I err on the side of the latter and try to model what I think our libraries and schools should be doing. I make sure he has access to many other stories of the peoples that Hergé misrepresented, and I offer context with our discussions. These are not always easy conversations. And perhaps that’s the real reason some people want to ban books that raise complicated issues: They implicate and discomfort the adults, not the children. By banning books, we also ban difficult dialogues and disagreements, which children are perfectly capable of having and which are crucial to a democracy. I have told him that he was born in the United States because of a complicated history of French colonialism and American warfare that brought his grandparents and parents to this country. Perhaps we will eventually have less war, less racism, less exploitation if our children can learn how to talk about these things.
For these conversations to be robust, children have to be interested enough to want to pick up the book in the first place. Children’s literature is increasingly diverse and many books now raises these issues, but some of them are hopelessly ruined by good intentions. I don’t find piousness and pedagogy interesting in art, and neither do children. Hergé’s work is deeply flawed, and yet riveting narratively and aesthetically. I have forgotten all the well-intentioned, moralistic children’s literature that I have read, but I haven’t forgotten Hergé.
Books should not be consumed as good for us, like the spinach and cabbage my son pushes to the side of his plate. “I like reading short stories,” a reader once said to me. “They’re like potato chips. I can’t stop with one.” That’s the attitude to have. I want readers to crave books as if they were a delicious, unhealthy treat, like the chili-lime chips my son gets after he eats his carrots and cucumbers.
Read “Fahrenheit 451” because its gripping story will keep you up late, even if you have an early morning. Read “Beloved,” “The Adventures of Huckleberry Finn,” “Close Quarters” and “The Adventures of Tintin” because they are indelible, sometimes uncomfortable and always compelling.
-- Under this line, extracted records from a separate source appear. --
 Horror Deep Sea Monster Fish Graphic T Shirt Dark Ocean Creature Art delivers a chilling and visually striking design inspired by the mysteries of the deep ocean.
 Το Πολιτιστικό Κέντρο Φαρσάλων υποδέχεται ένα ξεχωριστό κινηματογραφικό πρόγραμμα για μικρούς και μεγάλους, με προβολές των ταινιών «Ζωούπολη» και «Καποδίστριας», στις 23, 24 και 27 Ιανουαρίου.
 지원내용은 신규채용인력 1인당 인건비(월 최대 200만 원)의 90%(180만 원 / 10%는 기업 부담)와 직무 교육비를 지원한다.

We should value that magnetic quality. To compete with video games, streaming video and social media, books must be thrilling, addictive, thorny and dangerous. If those qualities sometimes get books banned, it’s worth noting that sometimes banning a book can increase its sales.
I know my parents would have been shocked if they knew the content of the books I was reading: Philip Roth’s “Portnoy’s Complaint,” for instance, which was banned in Australia from 1969 to 1971. I didn’t pick up this quintessential American novel, or any other, because I thought reading it would be good for me. I was looking for stories that would thrill me and confuse me, as “Portnoy’s Complaint” did. For decades afterward, all I remembered of the novel was how the young Alexander Portnoy masturbated with anything he could get his hands on, including a slab of liver. After consummating his affair with said liver, Alex returned it to the fridge. Blissfully ignorant, the Portnoy family dined on the violated liver later that night. Gross!
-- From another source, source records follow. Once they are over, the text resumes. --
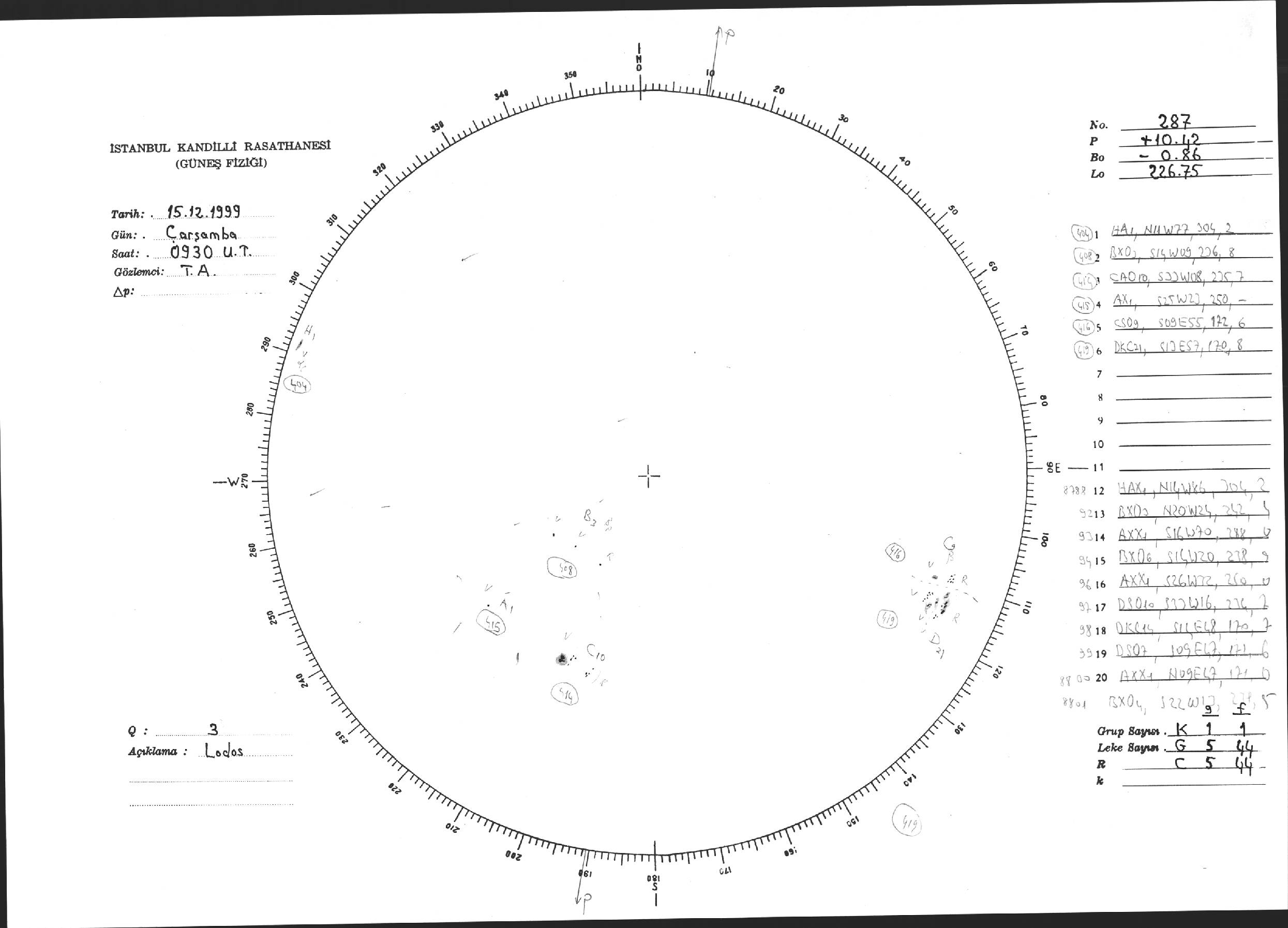 Güneş Lekesi Çizimi - 15.12.1999
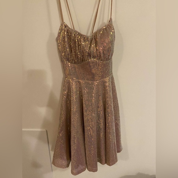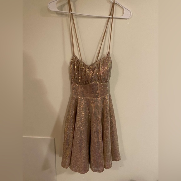 NEW Privy Womens Latte Danity Metallic Mini Dress, Sz M
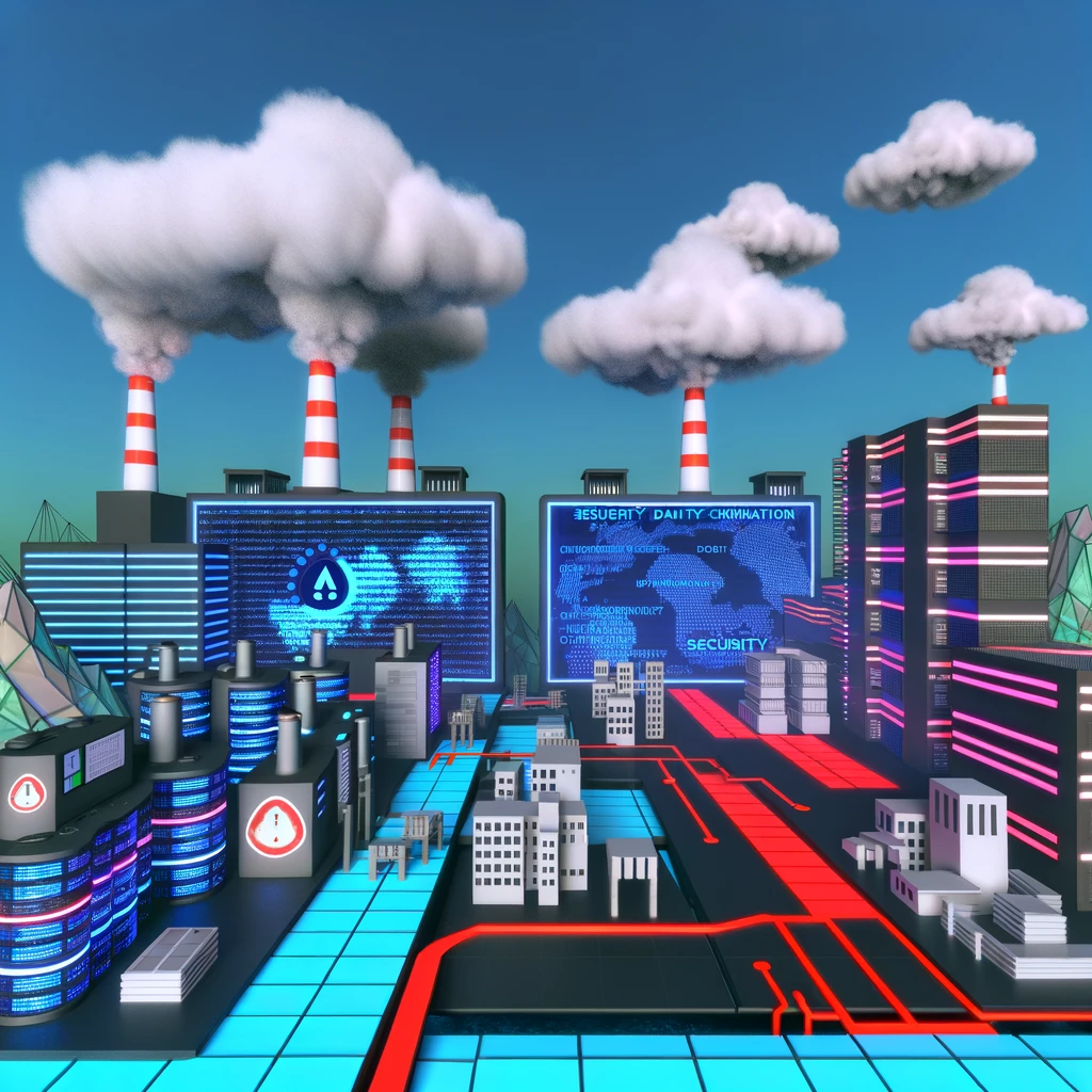 Futuristički grad s modernom arhitekturom, neonskim svjetlima i digitalnim ekranima ističe suživot tehnologije i industrije. U pozadini se nalaze dimnjaci koji ispuštaju dim, stvarajući kontrast između visoke tehnologije i tradicionalne industrije.

Who eats liver for dinner?
As it turns out, my family. Roth’s book was a bridge across cultures for me. Even though Vietnamese refugees differ from Jewish Americans, I recognized some of our obsessions in Roth’s Jewish American world, with its ambitions for upward mobility and assimilation, its pronounced “ethnic” features and its sense of a horrifying history not far behind. I empathized. And I could see some of myself in the erotically obsessed Portnoy — so much so that I paid tribute to Roth by having the narrator of “The Sympathizer” abuse a squid in a masturbatory frenzy and then eat it later with his mother. (“The Sympathizer” has not been banned outright in Vietnam, but I’ve faced enormous hurdles while trying to have it published there. It’s clear to me that this is because of its depiction of the war and its aftermath, not the sexy squid.)